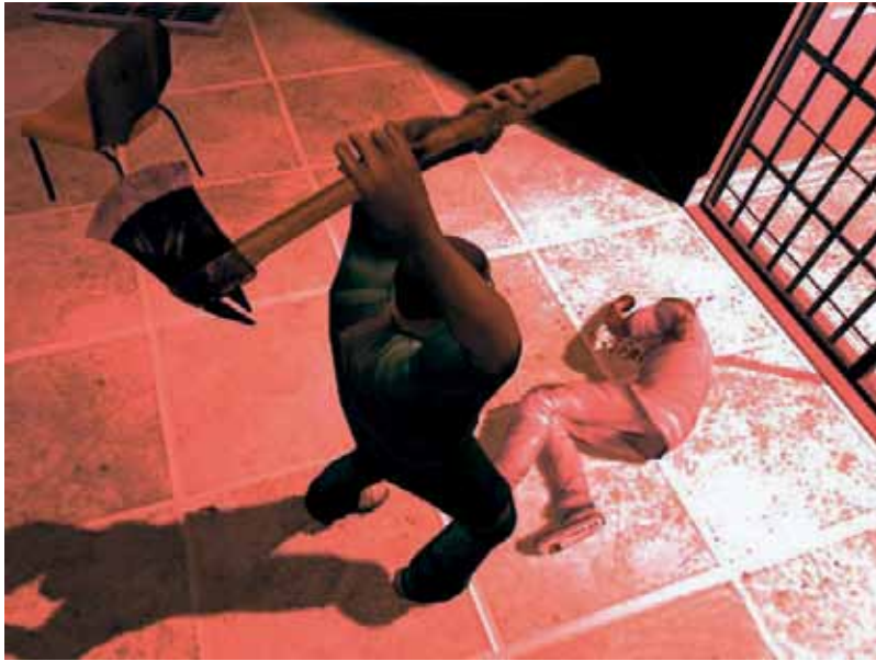
A snapshot from a killer video game.

case had chosen that day as the fifth anniversary of the Breivik horror show in Norway five years ago; the anniversary was on that day. German Interior Minister [Thomas] de Maiziere said afterwards that the harmful effects of killer video games on young people cannot be doubted.
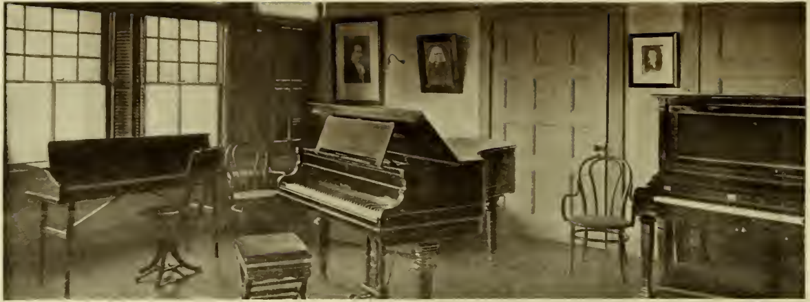
THE MUSIC STUDIO
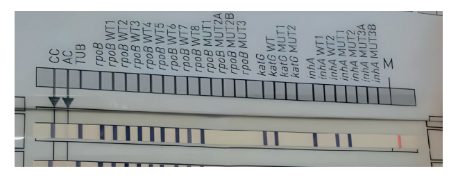
Figure 1: INH resistance detected in the inhA locus (loss of InhA wild type 1)

negative. This patient had no clinical and radiological findings and was considered as contamination.
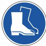
Closed in shoes
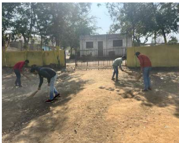
Cleaning Z.P.School Premises
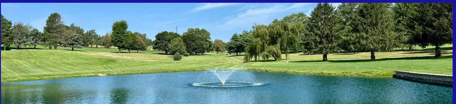
Avoca has beautiful greenspace amenities

Avoca is a Council/Mayor form of government with a City Administrator. The City is governed by a Mayor elected to two-year terms and a five-member City Council elected to four-year terms. The Avoca City Council meets regularly on the third Tuesday of every month at 5:30 p.m. The Mayor and Council are assisted by citizen boards and commissions including Culture and Recreation, Planning and Zoning Commission, Board of Adjustment, Utility Board, Avoca Veterans Community Center Commission, Avoca Betterment Association, and the Library Board. The City employs a full-time staff of 10. The total budget is $11,686,975 million, excluding transfers, with a levy rate of $14.30559. The City police force consists of partial full-time coverage augmented with support from the Pottawattamie County Sheriff. Fire protection services are provided by a 29 member volunteer department. The City operates a water utility and a wastewater treatment plant. The water supply is from the Regional Water Rural Water Association with the City providing water transmission and maintenance. The City also operates a stormwater utility.
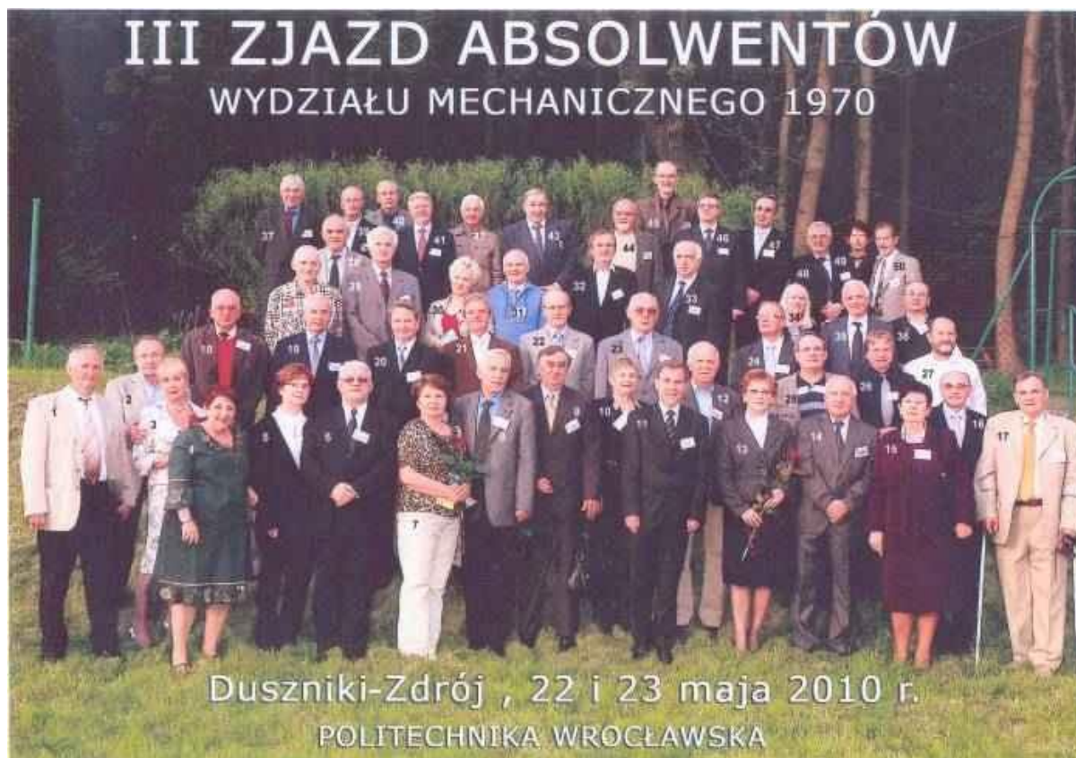
Photograph 3. The group photograph of participants of 3rd reunion of graduates from the year 1970 of the Mechanical Engineering Department, Technical University of Wrocław, Poland. It took place in Duszniki-Zdrój, Poland, on 22 and 23 May 2010.

Possible comments and corrections can be send at the email address agk13@onet.pl
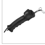
KITAV09 Steam gun kit
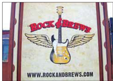
Opening of Torrance's Rock & Brews PCH.
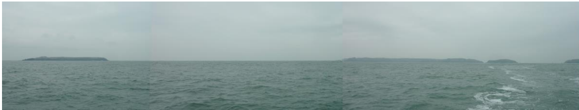
Area viewed between Skokholm and Skomer at sea
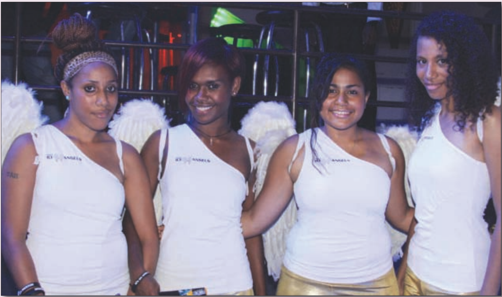
Oi wait enjel bilong SP Bruri amamasim ol manmeri wantaim promosen.
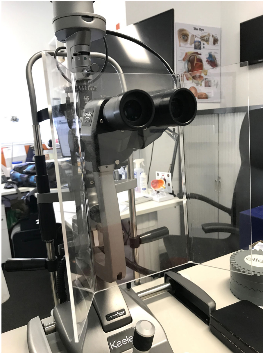
Figure 2. Slitlamp protective breath shield
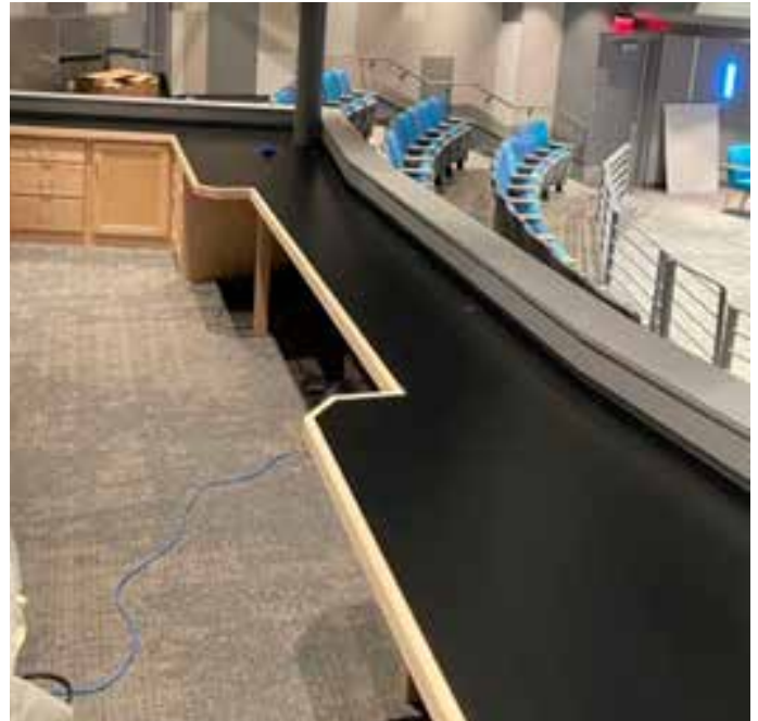
Children's Theater Sound Booth
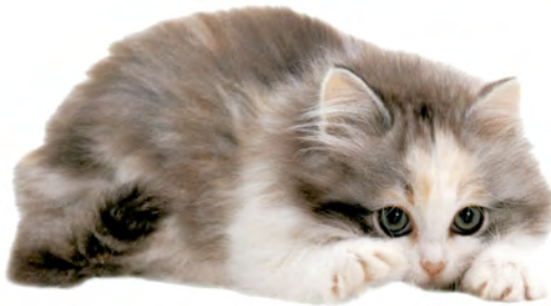
Dilute Tortie and White Small white areas with mingled blue, and cream colors.
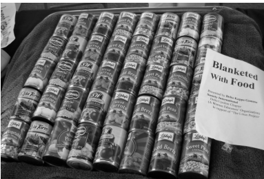
Delta Kappa Gamma Sorority International-Quilt
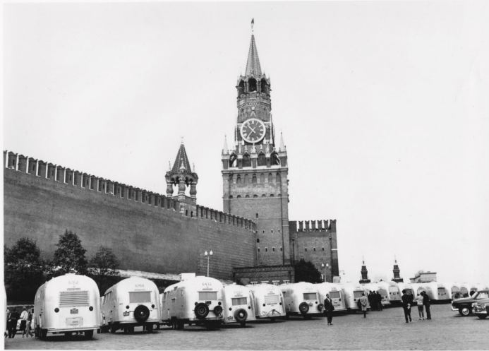
KREMLIN WALL--Travel trailers of the Wally Byam Around the World Caravan park just outside the Kremlin in Moscow during their historic overland circuit of the globe.
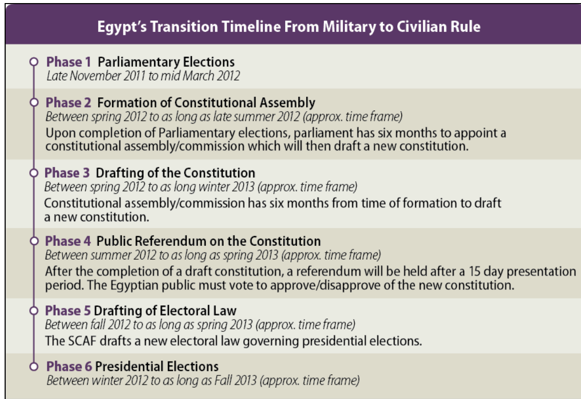
Figure 3. Egypt’s Transition Timeline

Source: Amber Hope Wilhelm, Publishing and Editorial Resources Section, Congressional Research Service. Based on the Supreme Council of the Armed Forces Constitutional Declaration and other SCAF announcements.
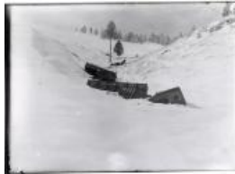
Uintah Train in Snow Wreck (1991.11.8)
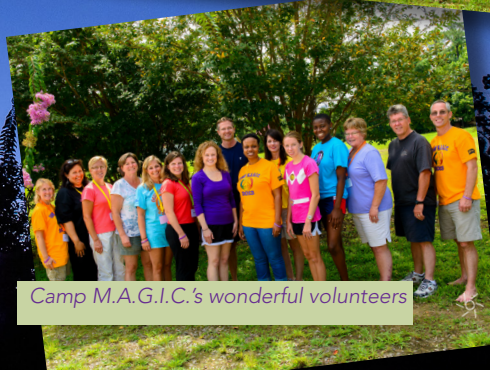
Camp M.A.G.I.C.'s wonderful volunteers
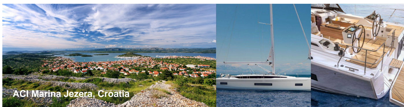
ACI Marina Jezera, Croatia
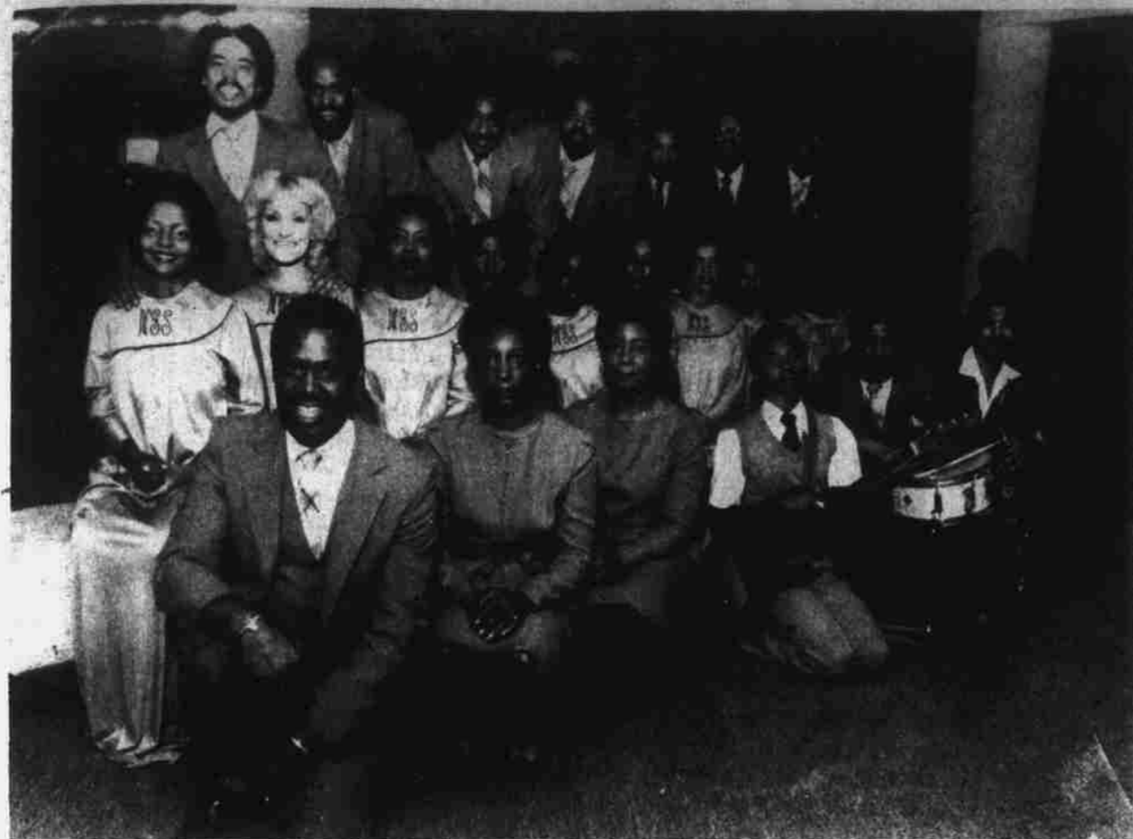
THE NEW GENERATION SINGERS

* * * * * * * * *

WHAT YOU SHOULD DO: Pictures stay out; repeat all the rest of the records exactly.

WRITTEN ANSWER:
A snapshot from a killer video game.

case had chosen that day as the fifth anniversary of the Breivik horror show in Norway five years ago; the anniversary was on that day. German Interior Minister [Thomas] de Maiziere said afterwards that the harmful effects of killer video games on young people cannot be doubted.
THE MUSIC STUDIO
Figure 1: INH resistance detected in the inhA locus (loss of InhA wild type 1)

negative. This patient had no clinical and radiological findings and was considered as contamination.
Closed in shoes
Cleaning Z.P.School Premises
Avoca has beautiful greenspace amenities

Avoca is a Council/Mayor form of government with a City Administrator. The City is governed by a Mayor elected to two-year terms and a five-member City Council elected to four-year terms. The Avoca City Council meets regularly on the third Tuesday of every month at 5:30 p.m. The Mayor and Council are assisted by citizen boards and commissions including Culture and Recreation, Planning and Zoning Commission, Board of Adjustment, Utility Board, Avoca Veterans Community Center Commission, Avoca Betterment Association, and the Library Board. The City employs a full-time staff of 10. The total budget is $11,686,975 million, excluding transfers, with a levy rate of $14.30559. The City police force consists of partial full-time coverage augmented with support from the Pottawattamie County Sheriff. Fire protection services are provided by a 29 member volunteer department. The City operates a water utility and a wastewater treatment plant. The water supply is from the Regional Water Rural Water Association with the City providing water transmission and maintenance. The City also operates a stormwater utility.
Photograph 3. The group photograph of participants of 3rd reunion of graduates from the year 1970 of the Mechanical Engineering Department, Technical University of Wrocław, Poland. It took place in Duszniki-Zdrój, Poland, on 22 and 23 May 2010.

Possible comments and corrections can be send at the email address agk13@onet.pl
KITAV09 Steam gun kit
Opening of Torrance's Rock & Brews PCH.
Area viewed between Skokholm and Skomer at sea
Oi wait enjel bilong SP Bruri amamasim ol manmeri wantaim promosen.
Figure 2. Slitlamp protective breath shield
Children's Theater Sound Booth
Dilute Tortie and White Small white areas with mingled blue, and cream colors.
Delta Kappa Gamma Sorority International-Quilt
KREMLIN WALL--Travel trailers of the Wally Byam Around the World Caravan park just outside the Kremlin in Moscow during their historic overland circuit of the globe.
Figure 3. Egypt’s Transition Timeline

Source: Amber Hope Wilhelm, Publishing and Editorial Resources Section, Congressional Research Service. Based on the Supreme Council of the Armed Forces Constitutional Declaration and other SCAF announcements.
Uintah Train in Snow Wreck (1991.11.8)
Camp M.A.G.I.C.'s wonderful volunteers
ACI Marina Jezera, Croatia
THE NEW GENERATION SINGERS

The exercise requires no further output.